Solina i okolice
Bieszczady, jak chyba żadne inne miejsce w Polsce, stały się synonimem dzikiej przyrody. Nie oznacza to jednak, że nie znajdziemy tu całkiem przyziemnych atrakcji. Z bazą wypadową w Solinie jesteśmy w stanie zobaczyć naprawdę wiele. Bieszczady zwiedzać można na przykład dzięki drezynom rowerowym. Główna wypożyczalnia, będąca zarazem stacją, usadowiła się na rozwidleniu wielkiej obwodnicy bieszczadzkiej, w Uhercach Mineralnych, z których pojazdy wyruszają w kierunku Zagórza i Ustrzyk Dolnych.

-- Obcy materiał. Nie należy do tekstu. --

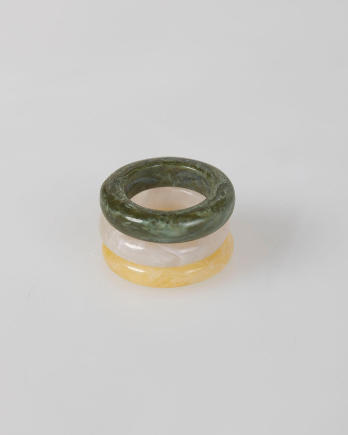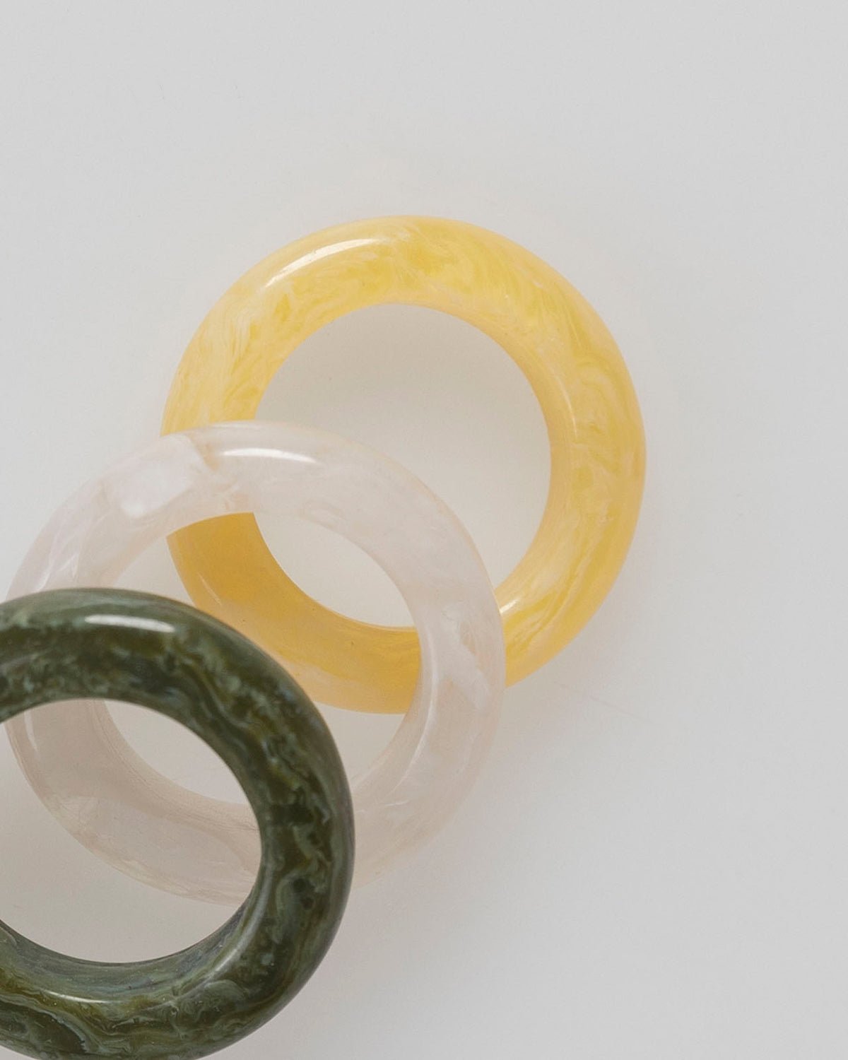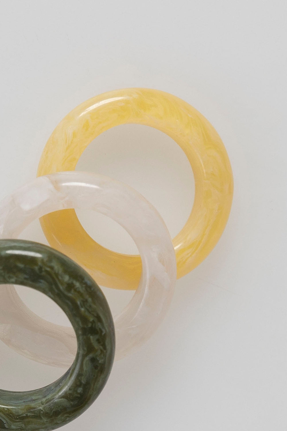 Set tres anillos rígidos en color verde, amarillo y crudo.

Jest też słynna kolejka wąskotorowa z przystankiem w Cisnej.
Centrum Kultury Ekumenicznej w Myczkowcach z roku na rok przyciąga coraz więcej zwiedzających. Na blisko hektarowej powierzchni zgromadzono 140 makiet cerkwi greckokatolickich, prawosławnych oraz kościołów rzymskokatolickich z terenu południowo-wschodniej Polski, Słowacji oraz Ukrainy.
W dolinie rzeki Osławicy i potoku Barbarka leży zaś Komańcza z klasztorem sióstr Nazaretanek. To ostatnie miejsce internowania ks. Kardynała Stefana Wyszyńskiego. Jest tu też Arłamow, który w czasach PRL gościł prominentnych dygnitarzy. Również tu internowany był Lech Wałęsa. W 1989 roku rządowy ośrodek zlikwidowano. Dziś na jego miejscu funkcjonuje luksusowy kompleks hotelowy.
W Bieszczadach znaleźć też można styk granic: Polski, Ukrainy i Słowacji - to wysoki na 1221 m n.p.m. Krzemieniec. Miejsce to wyróżniają dwie rzeczy: jest to najwyższej położony i najbardziej wysunięty na południe polski trójstyk. Na szczycie Krzemieńca znajdziemy granitowy trójramienny obelisk z godłami trzech państw oraz z napisami w trzech językach.